====== ENTRIES PROVIDED
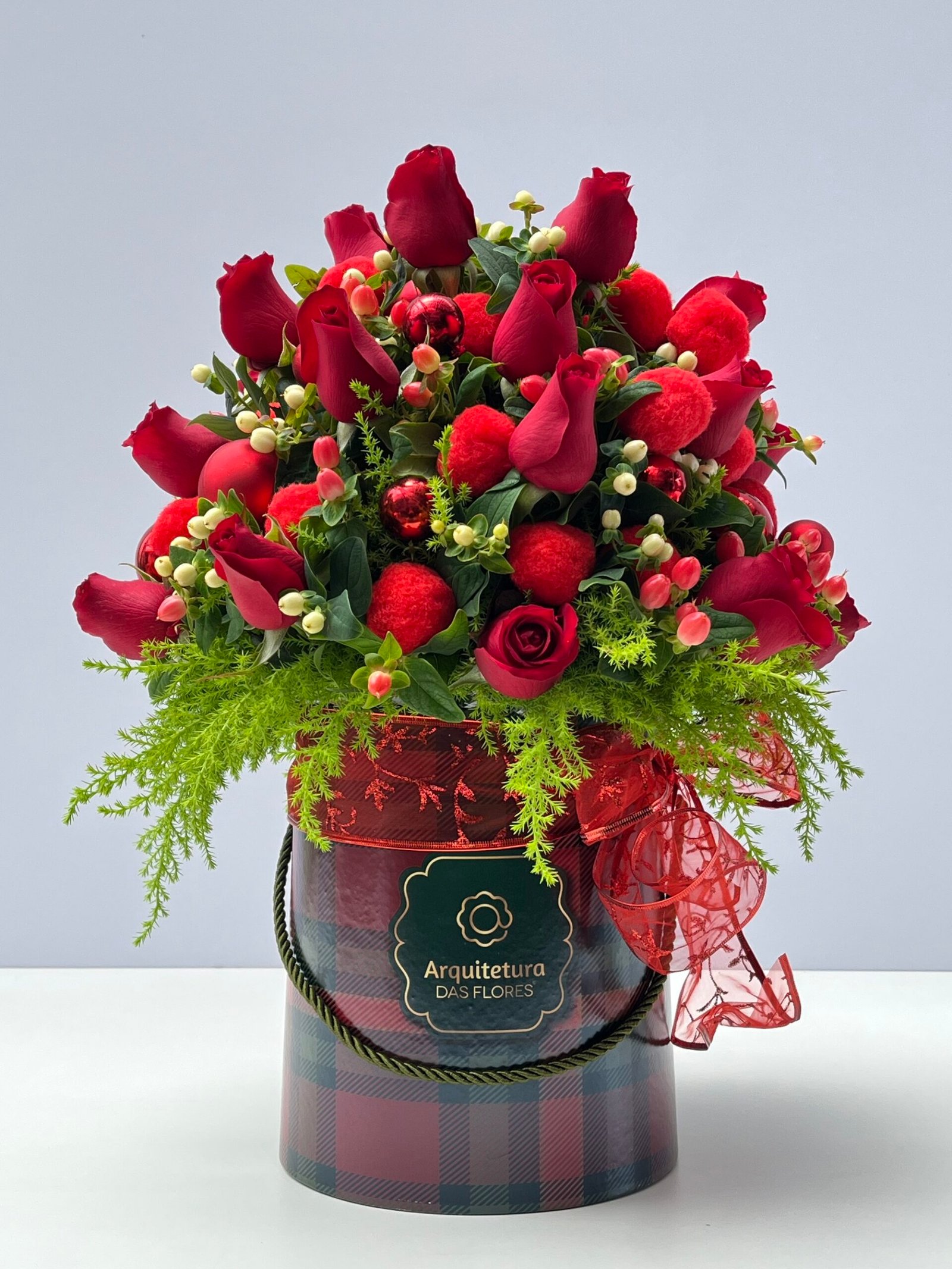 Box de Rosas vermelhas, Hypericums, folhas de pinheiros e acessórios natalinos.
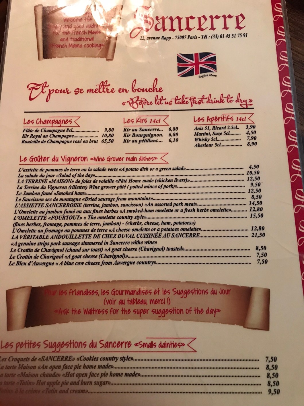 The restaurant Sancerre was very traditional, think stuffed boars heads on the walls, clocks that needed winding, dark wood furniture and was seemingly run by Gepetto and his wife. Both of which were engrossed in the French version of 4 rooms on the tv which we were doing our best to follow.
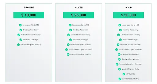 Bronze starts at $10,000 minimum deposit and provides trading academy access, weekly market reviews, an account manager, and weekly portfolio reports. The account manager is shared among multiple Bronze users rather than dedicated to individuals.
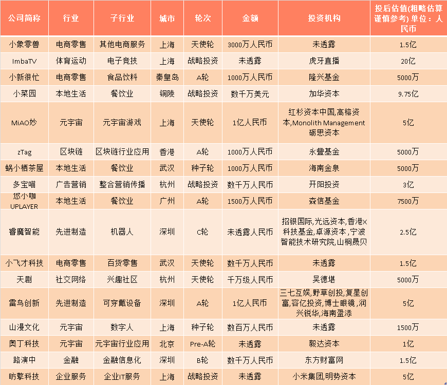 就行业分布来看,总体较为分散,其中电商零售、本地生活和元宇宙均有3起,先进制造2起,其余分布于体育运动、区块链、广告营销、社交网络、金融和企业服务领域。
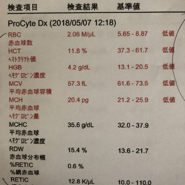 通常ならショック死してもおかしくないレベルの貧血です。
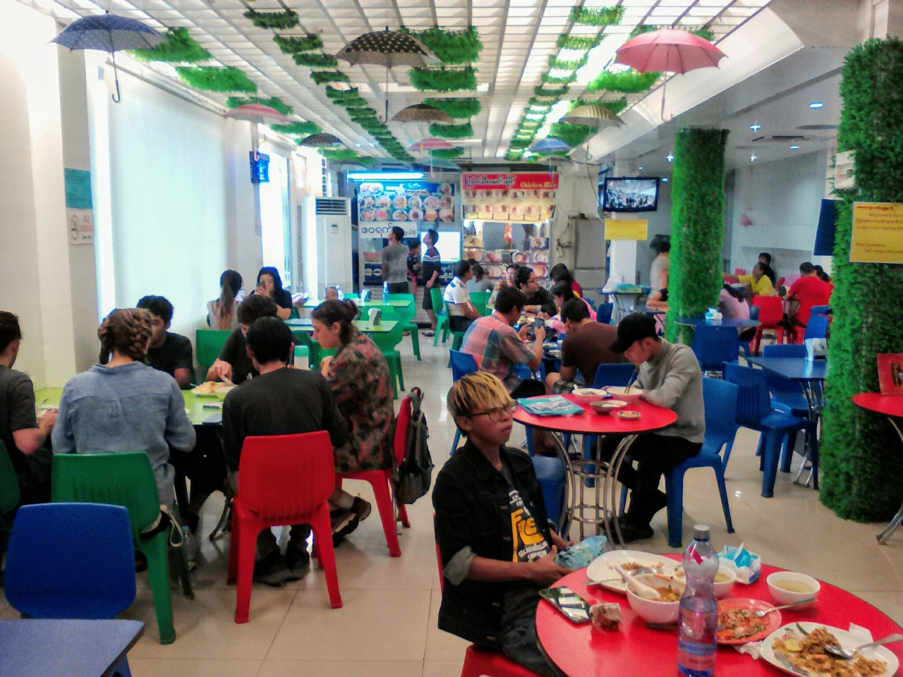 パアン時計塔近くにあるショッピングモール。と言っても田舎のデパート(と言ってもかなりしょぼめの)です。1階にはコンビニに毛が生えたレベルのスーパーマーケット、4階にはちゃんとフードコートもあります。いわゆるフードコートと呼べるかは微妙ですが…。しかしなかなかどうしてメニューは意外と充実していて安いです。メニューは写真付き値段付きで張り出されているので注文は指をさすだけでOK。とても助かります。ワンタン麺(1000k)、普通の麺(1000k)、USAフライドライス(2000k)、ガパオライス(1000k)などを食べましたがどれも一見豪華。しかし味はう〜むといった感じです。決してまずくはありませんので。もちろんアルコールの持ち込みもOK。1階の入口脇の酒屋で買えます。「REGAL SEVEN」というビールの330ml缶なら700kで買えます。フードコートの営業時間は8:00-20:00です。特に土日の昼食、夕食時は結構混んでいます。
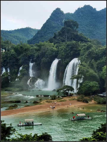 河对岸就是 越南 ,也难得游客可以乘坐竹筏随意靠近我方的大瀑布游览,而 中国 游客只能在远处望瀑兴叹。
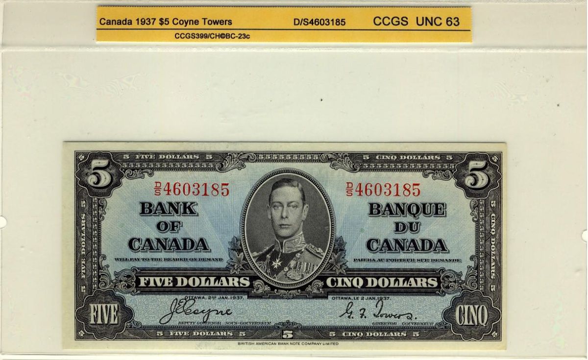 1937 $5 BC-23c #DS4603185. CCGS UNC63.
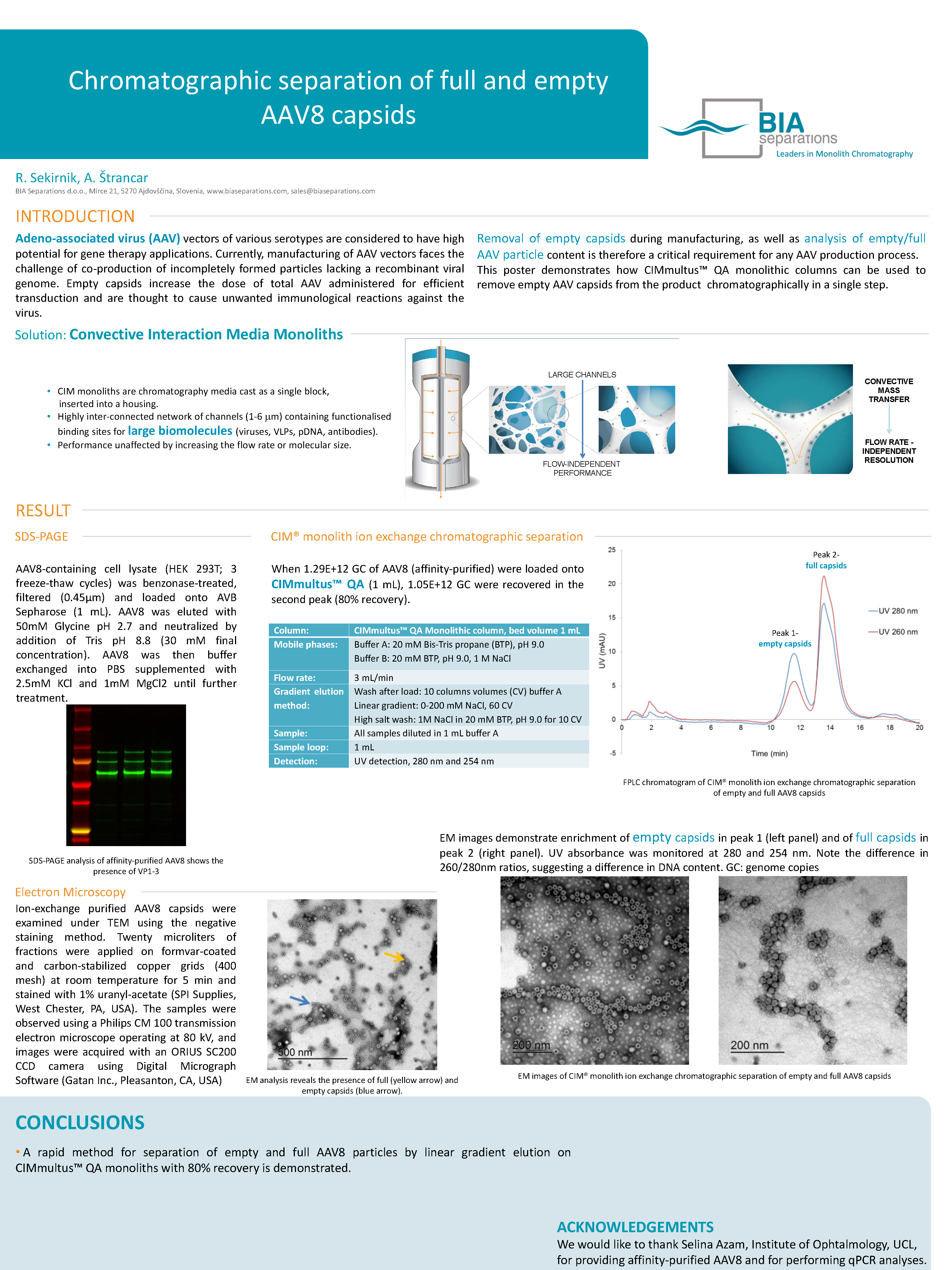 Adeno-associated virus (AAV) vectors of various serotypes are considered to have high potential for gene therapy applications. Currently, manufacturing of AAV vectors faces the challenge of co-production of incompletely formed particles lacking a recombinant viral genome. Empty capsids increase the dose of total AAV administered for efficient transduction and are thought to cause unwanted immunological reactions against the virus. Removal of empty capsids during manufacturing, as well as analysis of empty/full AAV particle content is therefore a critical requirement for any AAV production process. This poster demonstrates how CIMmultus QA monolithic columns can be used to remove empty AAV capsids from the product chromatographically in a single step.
============
====== ENTRIES PROVIDED
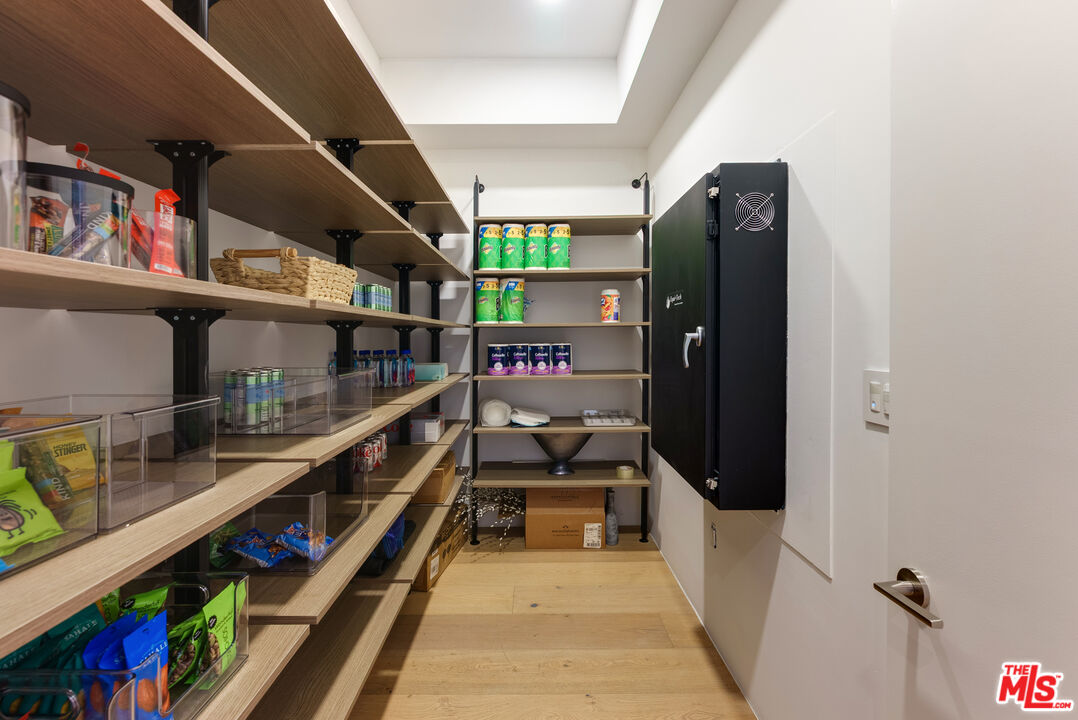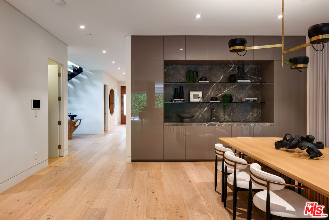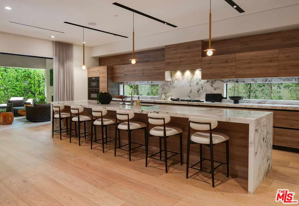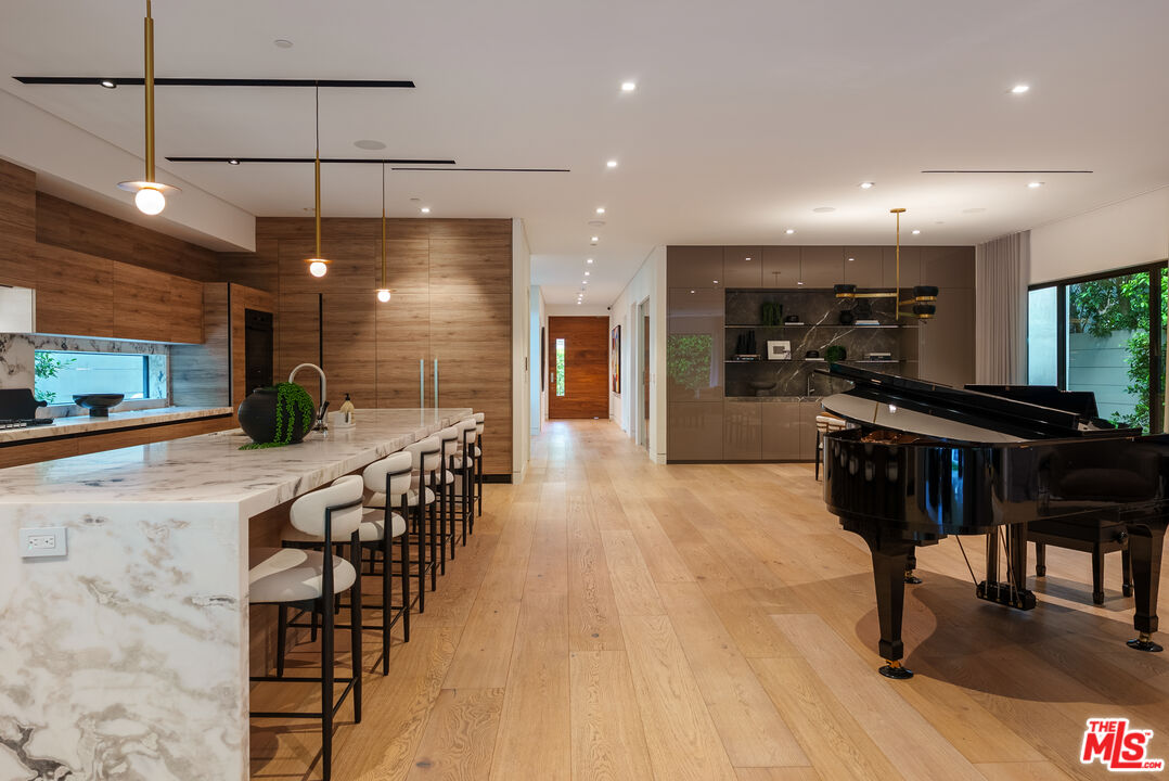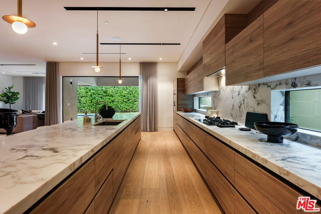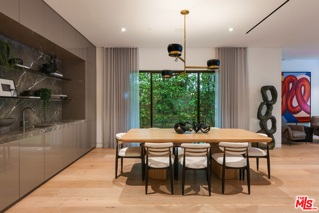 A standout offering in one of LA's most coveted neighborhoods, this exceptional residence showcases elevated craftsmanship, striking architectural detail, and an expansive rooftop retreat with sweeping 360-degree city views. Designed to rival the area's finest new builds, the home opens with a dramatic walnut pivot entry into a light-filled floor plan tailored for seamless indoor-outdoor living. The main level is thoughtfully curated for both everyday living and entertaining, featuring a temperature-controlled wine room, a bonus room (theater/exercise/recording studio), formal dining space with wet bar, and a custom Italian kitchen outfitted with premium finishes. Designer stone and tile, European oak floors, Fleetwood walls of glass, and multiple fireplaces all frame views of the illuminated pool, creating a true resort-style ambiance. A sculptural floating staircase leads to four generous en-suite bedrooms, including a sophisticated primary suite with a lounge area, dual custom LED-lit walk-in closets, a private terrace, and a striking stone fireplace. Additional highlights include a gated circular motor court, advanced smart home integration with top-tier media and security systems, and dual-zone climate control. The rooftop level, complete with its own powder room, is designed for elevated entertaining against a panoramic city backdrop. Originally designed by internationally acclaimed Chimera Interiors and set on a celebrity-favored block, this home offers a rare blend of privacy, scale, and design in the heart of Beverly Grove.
============
__WHAT YOU ARE ASKED TO DO__. Take the material above from the line containing "Bronze starts at" up to and including the line containing "Adeno-associated virus (AAV)" and retype it exactly, without any pictures.

__FINISHED EXERCISE__.
 Bronze starts at $10,000 minimum deposit and provides trading academy access, weekly market reviews, an account manager, and weekly portfolio reports. The account manager is shared among multiple Bronze users rather than dedicated to individuals.
 就行业分布来看,总体较为分散,其中电商零售、本地生活和元宇宙均有3起,先进制造2起,其余分布于体育运动、区块链、广告营销、社交网络、金融和企业服务领域。
 通常ならショック死してもおかしくないレベルの貧血です。
 パアン時計塔近くにあるショッピングモール。と言っても田舎のデパート(と言ってもかなりしょぼめの)です。1階にはコンビニに毛が生えたレベルのスーパーマーケット、4階にはちゃんとフードコートもあります。いわゆるフードコートと呼べるかは微妙ですが…。しかしなかなかどうしてメニューは意外と充実していて安いです。メニューは写真付き値段付きで張り出されているので注文は指をさすだけでOK。とても助かります。ワンタン麺(1000k)、普通の麺(1000k)、USAフライドライス(2000k)、ガパオライス(1000k)などを食べましたがどれも一見豪華。しかし味はう〜むといった感じです。決してまずくはありませんので。もちろんアルコールの持ち込みもOK。1階の入口脇の酒屋で買えます。「REGAL SEVEN」というビールの330ml缶なら700kで買えます。フードコートの営業時間は8:00-20:00です。特に土日の昼食、夕食時は結構混んでいます。
 河对岸就是 越南 ,也难得游客可以乘坐竹筏随意靠近我方的大瀑布游览,而 中国 游客只能在远处望瀑兴叹。
 1937 $5 BC-23c #DS4603185. CCGS UNC63.
 Adeno-associated virus (AAV) vectors of various serotypes are considered to have high potential for gene therapy applications. Currently, manufacturing of AAV vectors faces the challenge of co-production of incompletely formed particles lacking a recombinant viral genome. Empty capsids increase the dose of total AAV administered for efficient transduction and are thought to cause unwanted immunological reactions against the virus. Removal of empty capsids during manufacturing, as well as analysis of empty/full AAV particle content is therefore a critical requirement for any AAV production process. This poster demonstrates how CIMmultus QA monolithic columns can be used to remove empty AAV capsids from the product chromatographically in a single step.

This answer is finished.